Single by Marina Kaye

from the album Fearless
- Released: 16 June 2014
- Recorded: 2014
- Genre: Pop; pop rock;
- Length: 3:40
- Label: Capitol Records (Universal Music Group)
- Songwriters: Nina Woodford; Mathias Wollo; Marina Dalmas;
- Producer: Tristan Salvati

Marina Kaye singles chronology
|  | "Homeless" (2014) | "Dancing with the Devil" (2015) |

Music video
- "Homeless" on YouTube

= Homeless (Marina Kaye song) =

"Homeless" is the 2014 debut single of Marina Kaye, the 2011 winner of La France a un incroyable talent (France Got Talent). The song was written and composed by Marina "Kaye" Dalmas with Mathias Wollo and Nina Woodford and is taken from Marina Kaye's debut EP also called Homeless on Capitol Records (part of Universal Music France).
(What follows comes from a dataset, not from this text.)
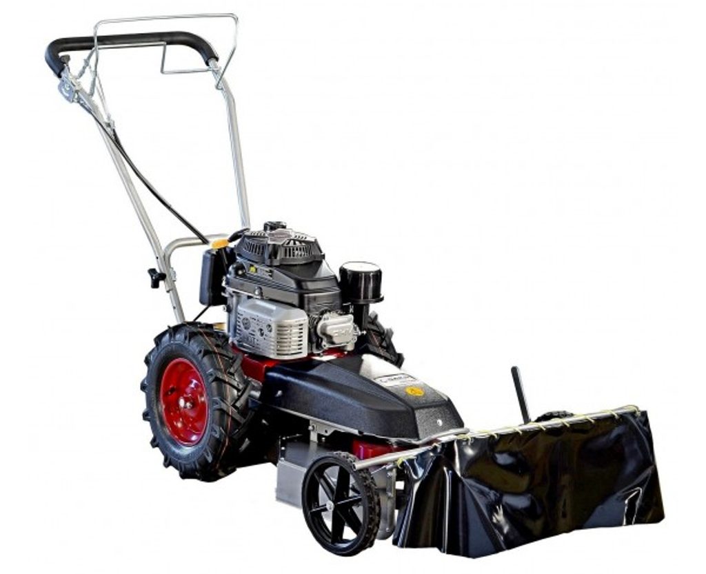 Mulčovač s pojezdem, záběr sečení 55 cm, max. výkon motoru KAWASAKI FJ 180 5,5 HP, dvě rychlosti vpřed.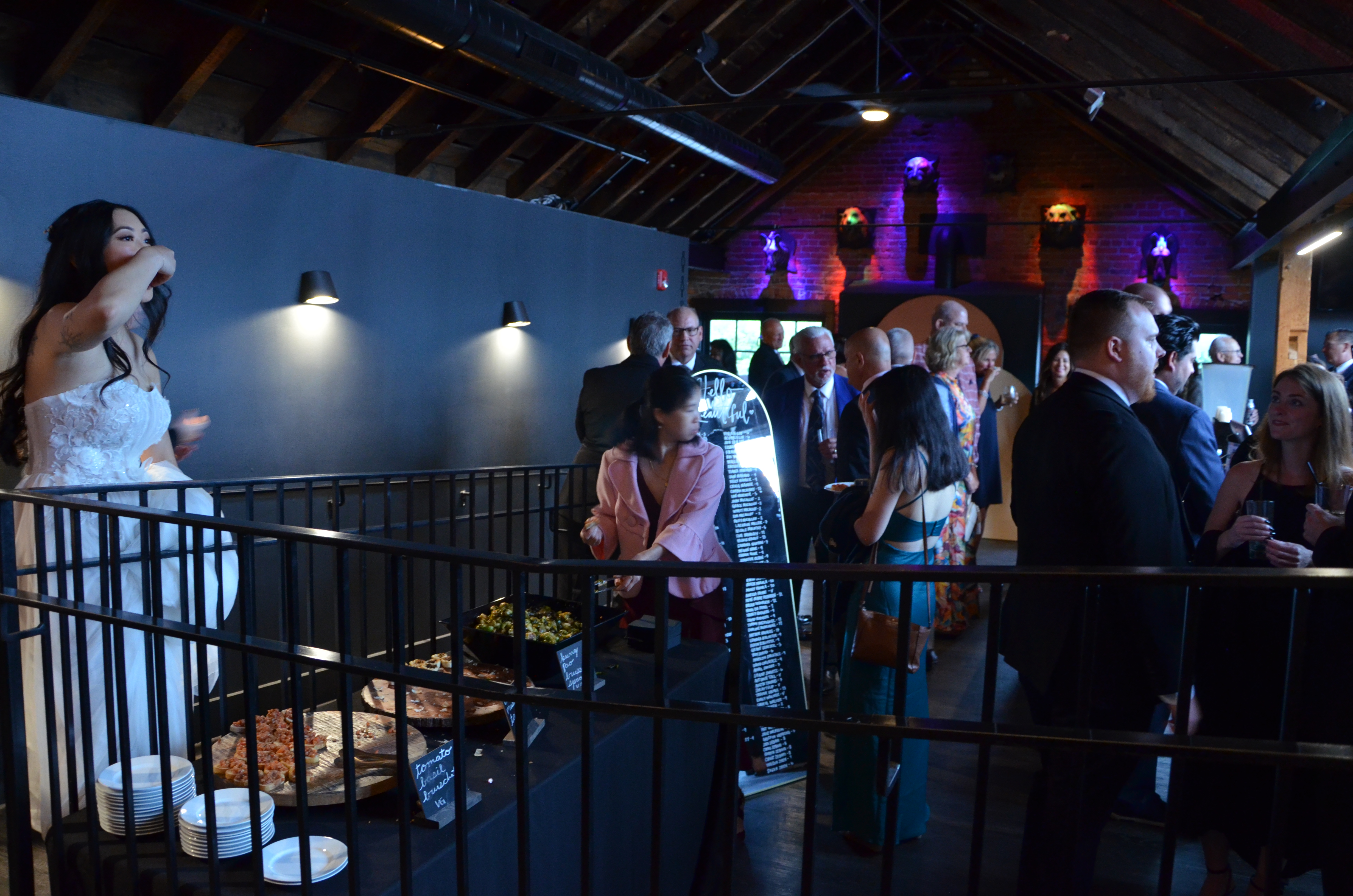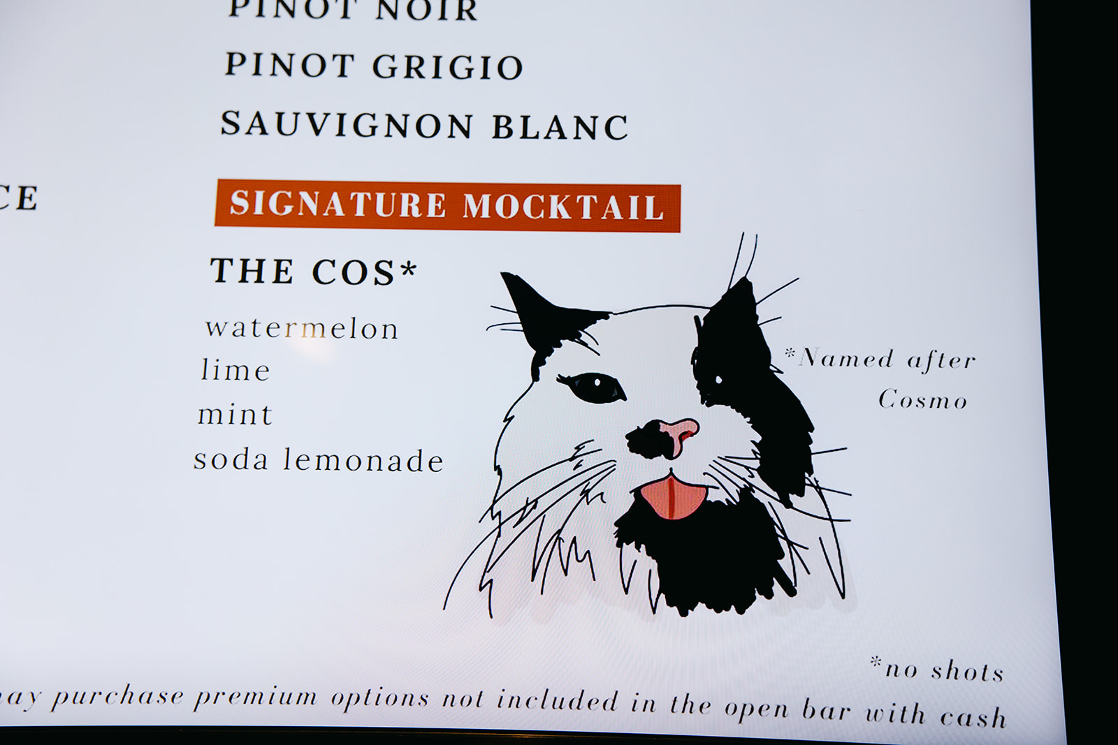 After the ceremony, the guests were invited to savor a delightful Cocktail Hour, where the Lounge and Roof Deck were transformed into a haven of joy and mingling. Amidst laughter and conversation, guests enjoyed a signature mocktail, aptly named after the couple’s beloved feline companion, whiskers and all. The couple opted for three delicious appetizers for their guests to snack on: Kung Pao Brussel Sprouts, Cheddar Mushroom Onion Tartlets, and a Tomato and Basil Bruschetta.

The release was accompanied by a music video directed by Hugo Becker.

==Homeless EP==
The similarly titled EP contains in addition an acoustic version of the song.

===Track list===
1. "Homeless" (3:40)
2. "Live Before I Die" (3:29)
3. "The Price I've Had to Pay" (Acoustic version) (4:03)
4. "Homeless" (Acoustic version) (3:37)

==Charts==

===Weekly charts===

| Chart (2014–2015) | Peak position |
|---|---|
| Belgium (Ultratop 50 Flanders) | 35 |
| Belgium (Ultratop 50 Wallonia) | 1 |
| France (SNEP) | 1 |
| Switzerland (Schweizer Hitparade) | 25 |

===Year-end charts===

| Chart (2015) | Position |
|---|---|
| Belgium (Ultratop Wallonia) | 15 |
| France (SNEP) | 5 |

==Certifications==

| Region | Certification | Certified units/sales |
| Belgium (BRMA) | Gold | 15,000^{*} |
| France (SNEP) | Platinum | 150,000^{*} |
^{*} Sales figures based on certification alone.